> _Data to process_
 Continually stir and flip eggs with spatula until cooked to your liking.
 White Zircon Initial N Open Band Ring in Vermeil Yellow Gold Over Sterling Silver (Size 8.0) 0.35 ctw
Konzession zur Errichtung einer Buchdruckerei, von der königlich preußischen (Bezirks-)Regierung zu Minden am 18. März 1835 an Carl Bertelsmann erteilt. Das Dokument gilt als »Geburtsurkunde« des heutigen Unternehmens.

--

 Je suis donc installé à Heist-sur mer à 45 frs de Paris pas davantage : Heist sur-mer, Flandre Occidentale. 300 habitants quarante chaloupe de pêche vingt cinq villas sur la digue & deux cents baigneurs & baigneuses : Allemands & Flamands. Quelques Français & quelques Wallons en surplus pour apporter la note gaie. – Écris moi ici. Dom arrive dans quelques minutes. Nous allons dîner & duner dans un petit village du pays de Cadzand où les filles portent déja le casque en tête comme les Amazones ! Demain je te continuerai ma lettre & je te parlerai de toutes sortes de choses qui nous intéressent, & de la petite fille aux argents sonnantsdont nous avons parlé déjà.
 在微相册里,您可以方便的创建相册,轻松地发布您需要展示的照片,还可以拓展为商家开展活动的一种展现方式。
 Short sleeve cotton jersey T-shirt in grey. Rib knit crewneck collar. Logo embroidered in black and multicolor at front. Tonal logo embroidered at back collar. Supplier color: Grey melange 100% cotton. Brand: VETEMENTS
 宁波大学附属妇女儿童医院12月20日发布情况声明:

> _What you need to do_
All lines in the data above from the one with "White Zircon Initial" through the one with "Konzession zur Errichtung" must be repeated exactly, and no others.

> _Solution for this task_
 White Zircon Initial N Open Band Ring in Vermeil Yellow Gold Over Sterling Silver (Size 8.0) 0.35 ctw
Konzession zur Errichtung einer Buchdruckerei, von der königlich preußischen (Bezirks-)Regierung zu Minden am 18. März 1835 an Carl Bertelsmann erteilt. Das Dokument gilt als »Geburtsurkunde« des heutigen Unternehmens.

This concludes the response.